History was made in 2016 when Google’s AlphaGo computer program defeated a Go world champion. One of the key components of this program is the deep neural network and the amazing performance of AlphaGo provides motivation and excitement for extensive research in the area of deep learning. One technique accountable for the success of deep learning is the use of many layers of neural networks in which the output of one layer can be the input of the other and each layer is made up of a number of interconnected neurons. More importantly, there is a nonlinear activation functions inside each neuron, otherwise all these deep neural networks are essentially a single layer network. This is due to the fact that composition of many linear transformations is again a linear transformation which can serve only as a linear regression technique. It is the nonlinearity of neural networks that gives their ability to approximate any continuous functions to solve complicated tasks like language translations, image classifications, or even playing the Go game. Furthermore, the main source of this nonlinearity comes from the nonlinear activation function inside each neuron of the networks.

Mathematically neural networks can be viewed as weighted directed graphs in which neurons are nodes and connections among the neurons are directed edges with weights. The weights represent the strength of the interconnection between neurons. Neural networks learn by adjusting its weights and bias iteratively during a training session to produce the desired output. So each neuron makes decisions by summing the weighted evidence (input). The rules to change these weights during training are called the learning algorithm. Neural networks have found a wide array of applications in supervised learning, unsupervised learning, and reinforcement learning.

Quantum computers are rapidly developing and along with it, the availability of public accessible quantum computers is more of a reality today. This tend makes the study of quantum machine learning algorithms on a real quantum computer possible.
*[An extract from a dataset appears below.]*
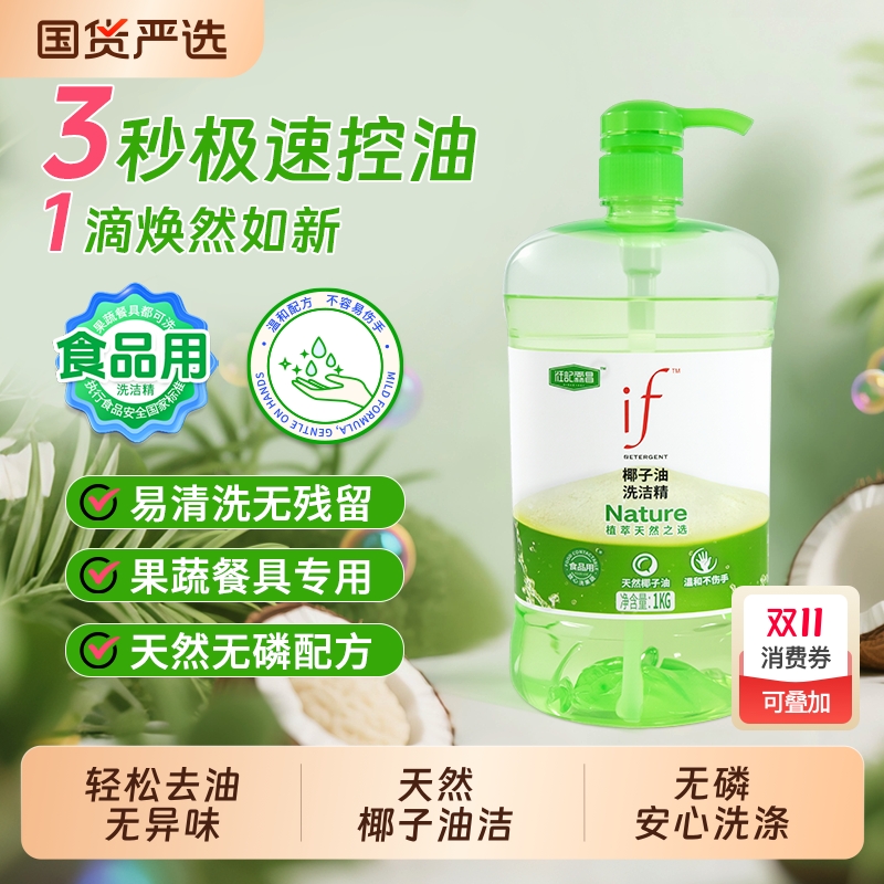 if天然椰子油洗洁精1kg×1瓶去油除味果蔬放心洗温和去污家用洗
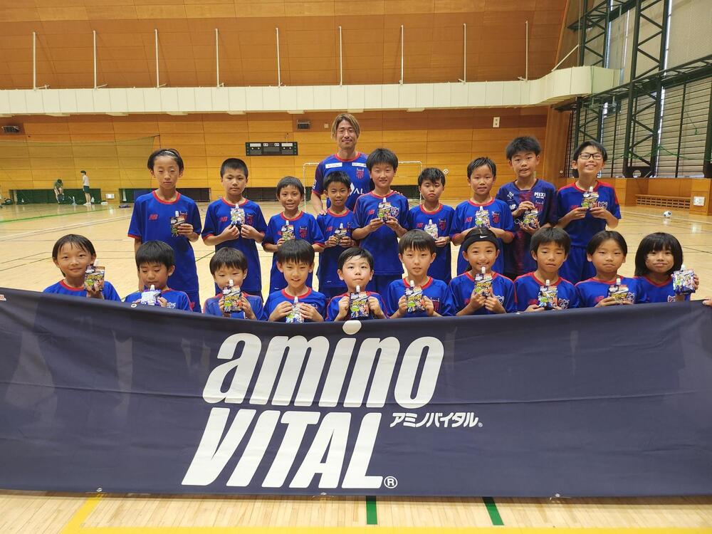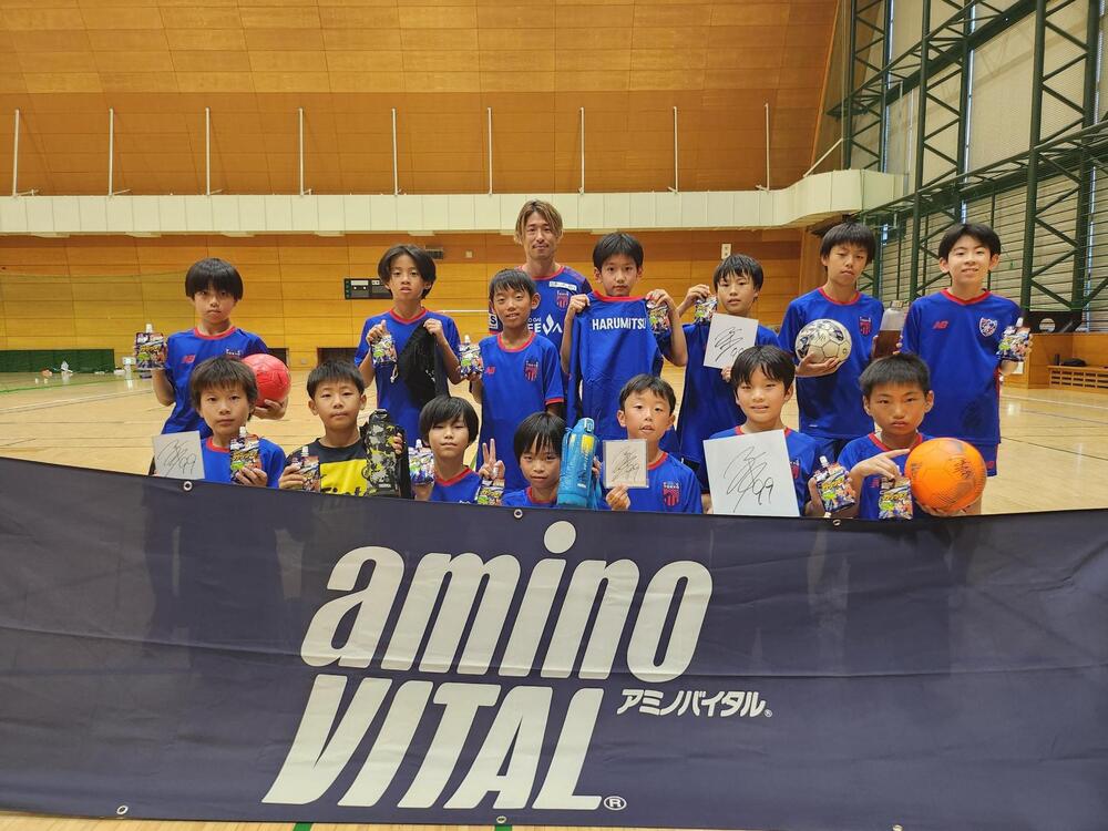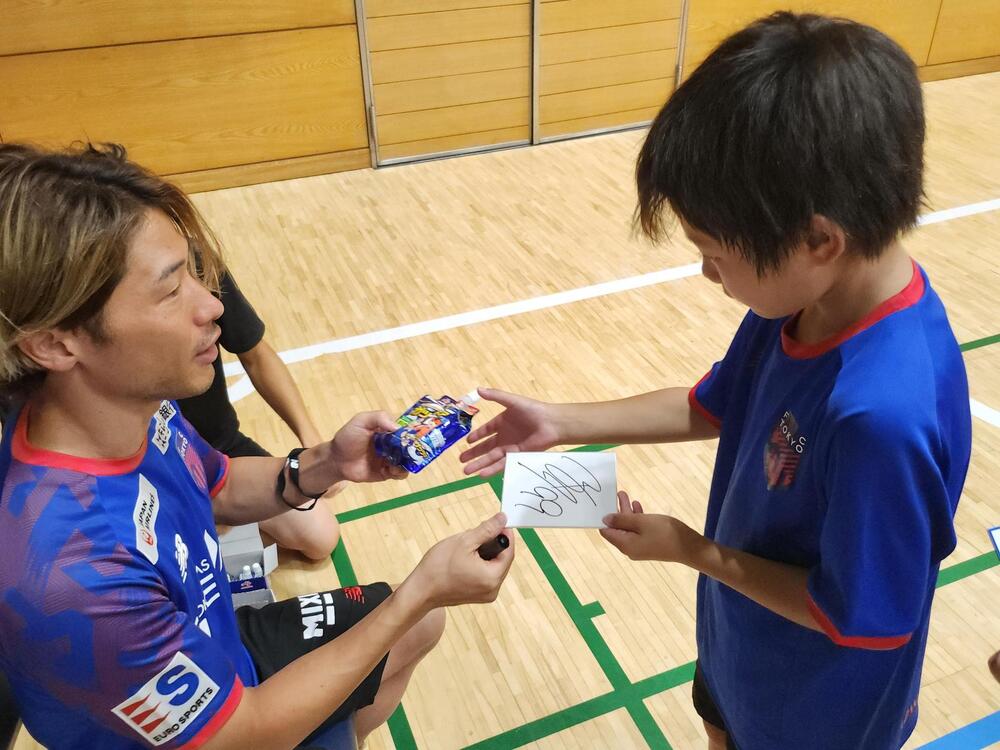 一人一人にサインを書いたり、味の素株式会社様よりご提供いただいたアミノバイタルドリンクゼリーのガッツギアを渡しました♪

With the unique quantum mechanical features such as superposition, entanglement, interference, quantum computing offers a new paradigm for computing. Research has shown that artificial intelligence and in particular machine learning can benefit from quantum computing. It is reasonable to hope that the next historical breakthrough in artificial intelligence like AlphaGo may well be realized on a quantum computer.

We have finished two reports recently using IBM’s 5Q quantum computer [1 , 2]. One is analyzing a distance-based quantum classifier where we show the prediction probability distributions of this classifier on several well-designed datasets to reveal the inner working of this classifier and extend the original binary classifier quantum circuit to a multi-class classifier. The second work is to compare quantum hardware performance on the decision making of an AI agent between an ion trap quantum system and a superconducting quantum system. Our investigation suggests that the superconducting quantum system tends to be more accurate and underestimate the values which are used by the learning agent while a previous research shows their system tends to overestimate [3].

Since the early days of quantum computing, how to use it in the areas of machine learning to gain the quantum speed up has been a long time endeavor [4 - 7]. Neural networks can perform versatile learning tasks like clustering, classification, regression, pattern recognition, and more. As such the classical neural networks are among the top targets for researchers to find their quantum counterpart. Numerous efforts have been made and claimed but unfortunately without much success [8]. One of the major difficulties is how to create a quantum nonlinear activation function like the classical sigmoid function inside a neuron, the fundamental building unit of each network layer, since the operations on quantum states are required to be linear and unitary under the laws of quantum mechanics.

Using a new technique called repeat-until-success, the work in [9] shows that it is possible to design a quantum circuit to create a nonlinear activation function inside a quantum neuron. So it can function as a classical neuron to be in the state $|0\rangle $ or $|1\rangle $ , but can also be in the superposition of both states $|0\rangle $ and $|1\rangle $ , a feat classical neuron cannot accomplish. The key to their design of the nonlinear activation function is using a periodic tangent function. Therefore, it requires the input of this function to be restricted in the range of [0, π/2), which is a serious constraint for its uses in real world problems. The periodicity of the function also makes it not suited for being trained with the efficient gradient descent method since its derivatives oscillate. When data is big, an efficient training algorithm is much desired.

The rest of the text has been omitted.